* [DATA LISTING]:
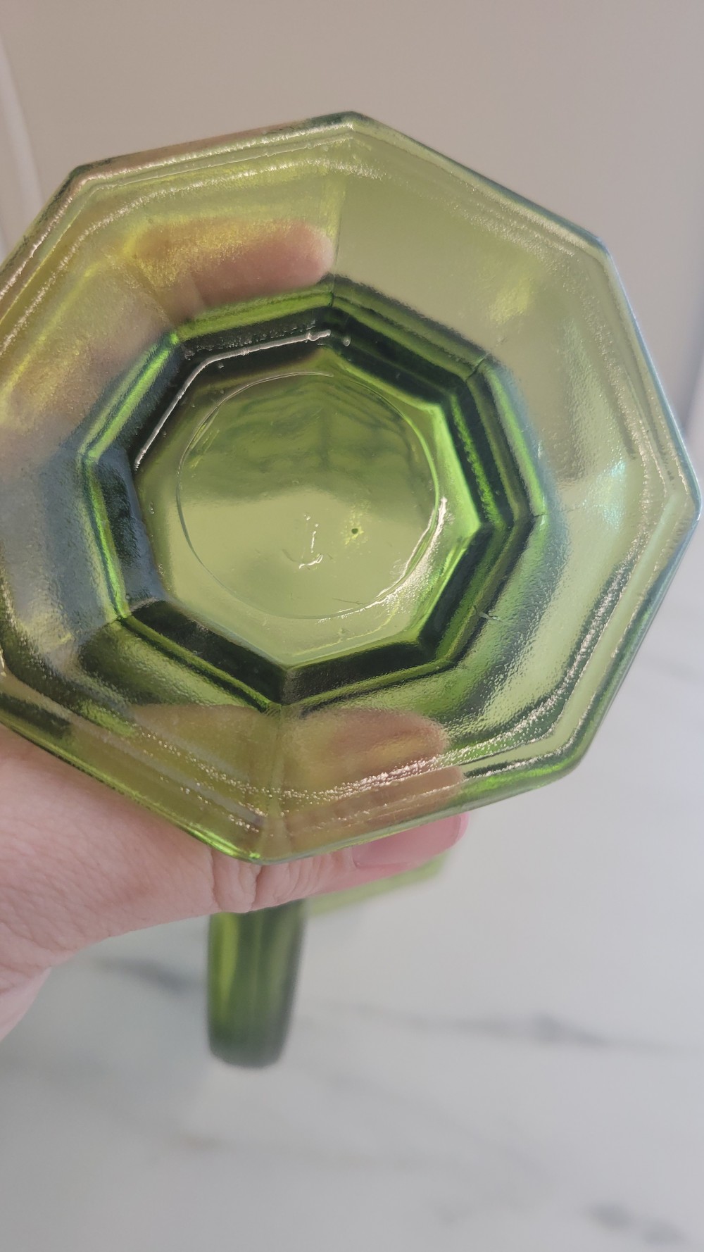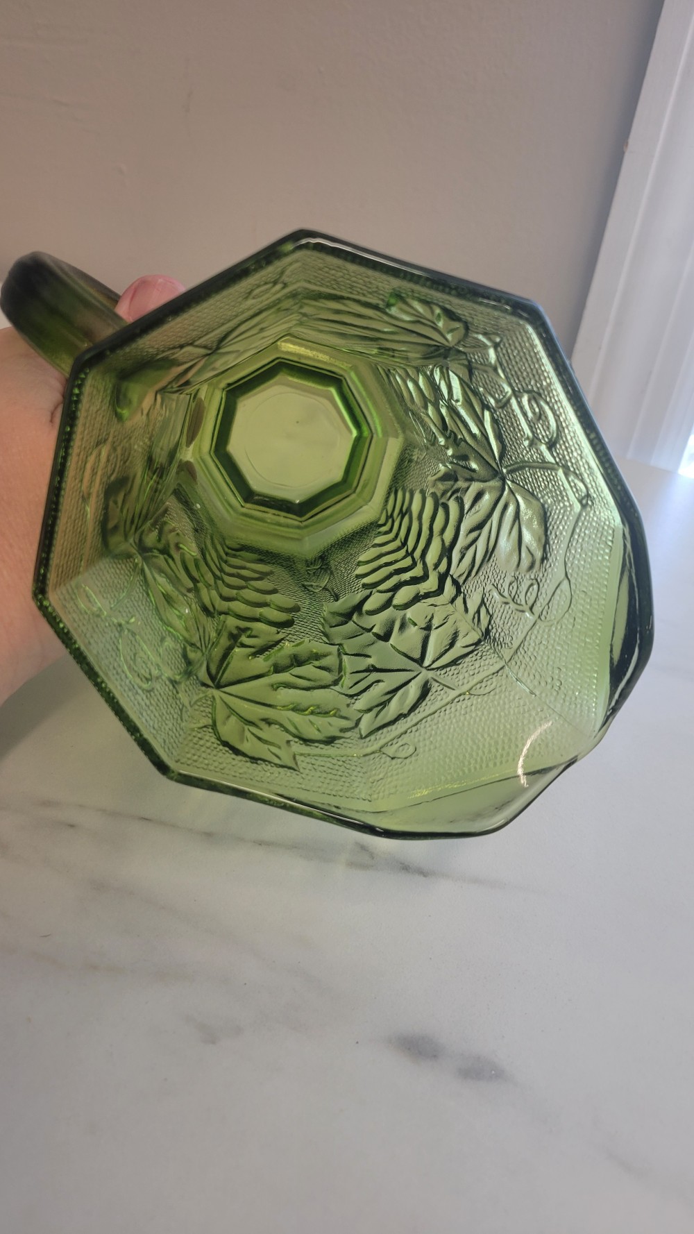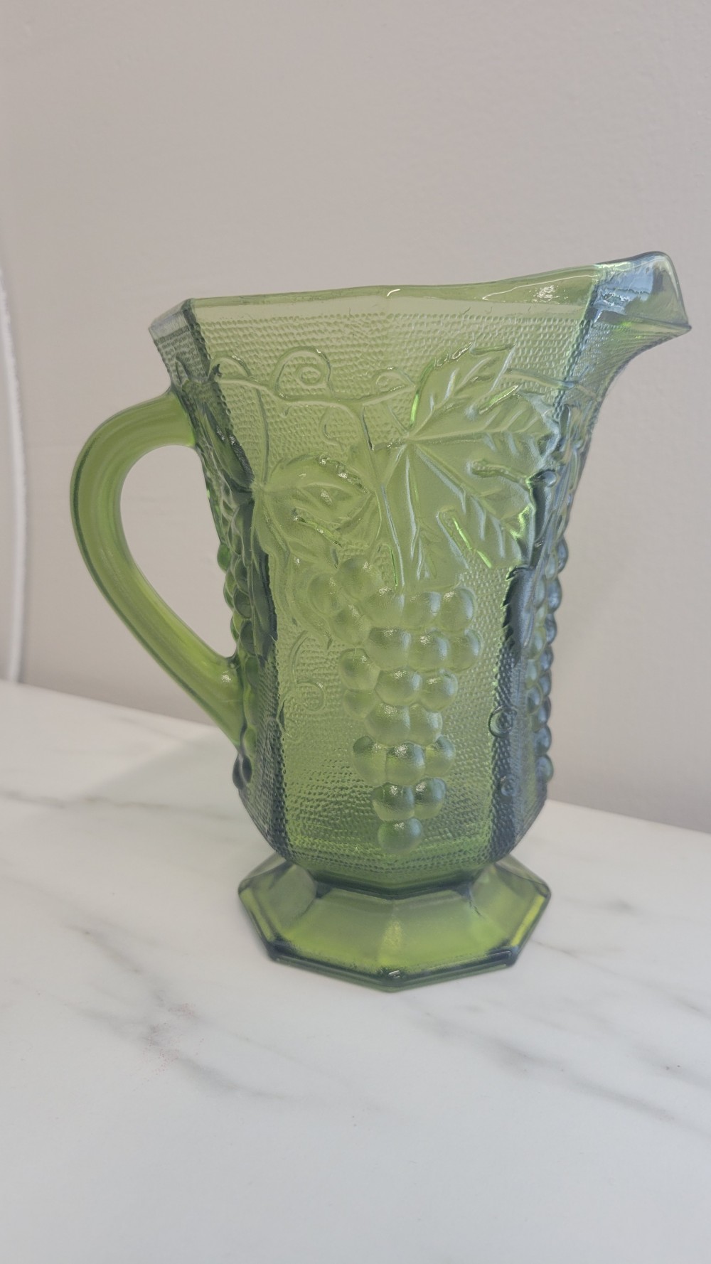This item is a vintage Anchor Hocking "Grape Harvest" pattern glass pitcher in avocado green, featuring an embossed design of grapes and vine leaves.
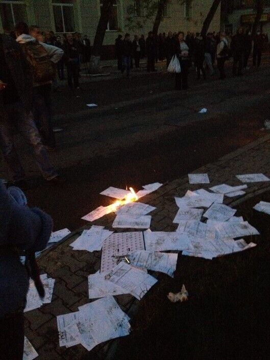 В Донецке сепаратисты разгромили и подожгли офис "Индустриального союза Донбасса". Фоторепортаж
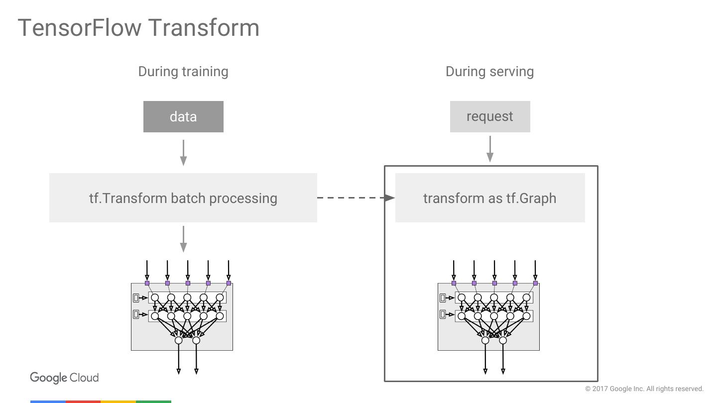 17 .TensorFlow Transform During training During serving data request tf.Transform batch processing transform as tf.Graph © 2017 Google Inc. All rights reserved.
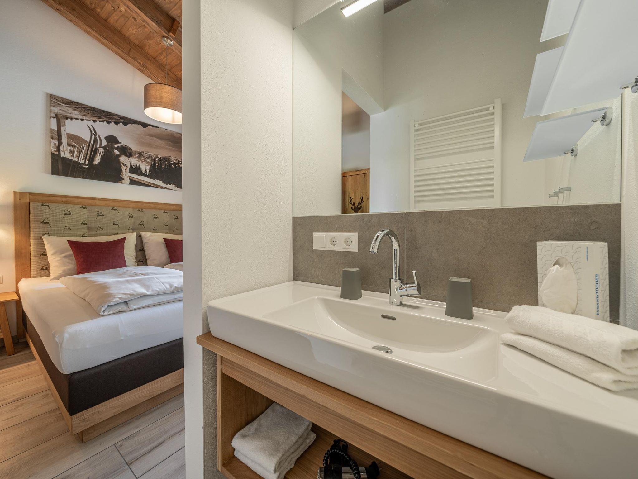 Wer es traditionell ländlich liebt, bucht im Stubenhaus: Authentische Doppelzimmer oder Apartments für 2-5 Personen mit neu renovierten Bädern, sehr bequemen Betten und dem Duft von Fichtenholz.
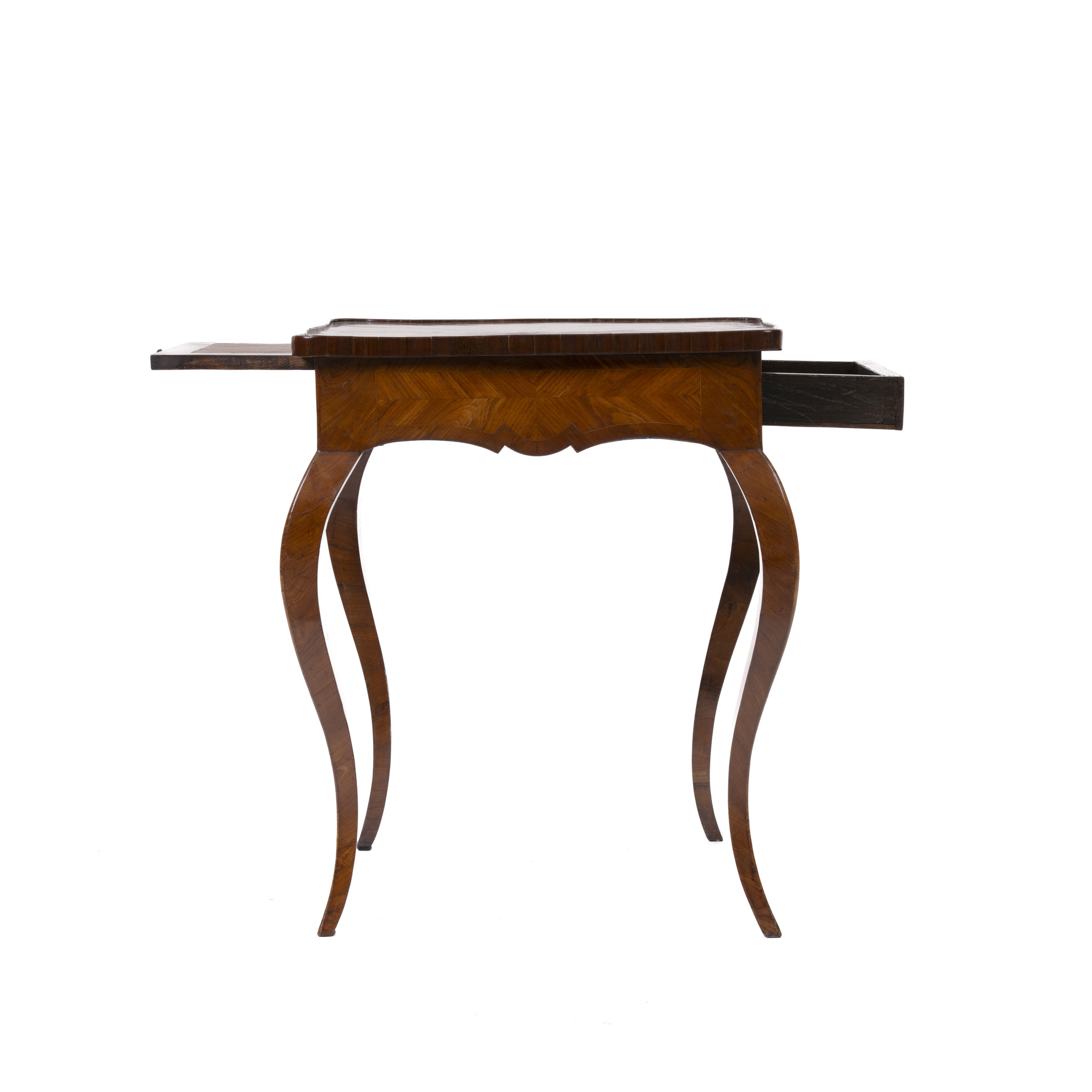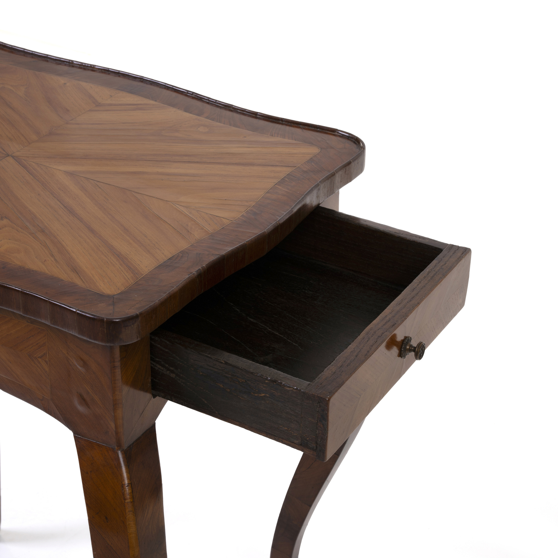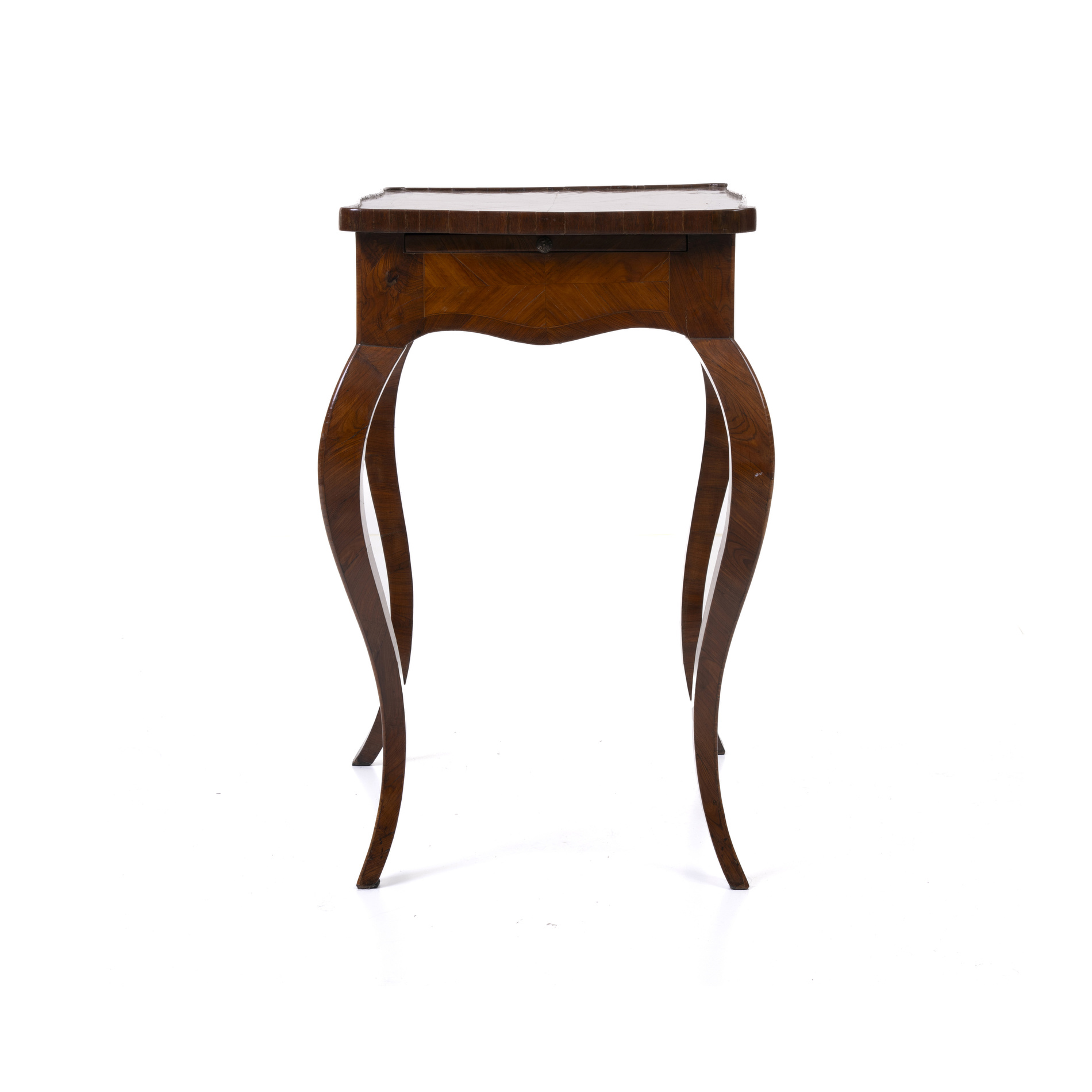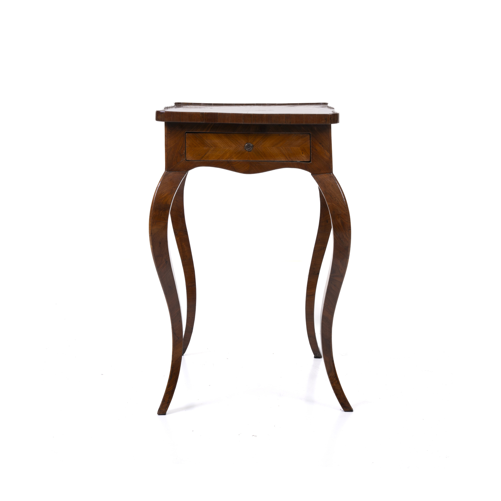 Tray top with shaped edge, one drawer at the front, and curved legs.

* [PROBLEM TO WORK ON]:
Leave the pictures out, then output exactly the lines from the "В Донецке сепаратисты" line through the end of the records above, and no others.

* [RESULT OF THIS EXERCISE]:
 В Донецке сепаратисты разгромили и подожгли офис "Индустриального союза Донбасса". Фоторепортаж
 17 .TensorFlow Transform During training During serving data request tf.Transform batch processing transform as tf.Graph © 2017 Google Inc. All rights reserved.
 Wer es traditionell ländlich liebt, bucht im Stubenhaus: Authentische Doppelzimmer oder Apartments für 2-5 Personen mit neu renovierten Bädern, sehr bequemen Betten und dem Duft von Fichtenholz.
 Tray top with shaped edge, one drawer at the front, and curved legs.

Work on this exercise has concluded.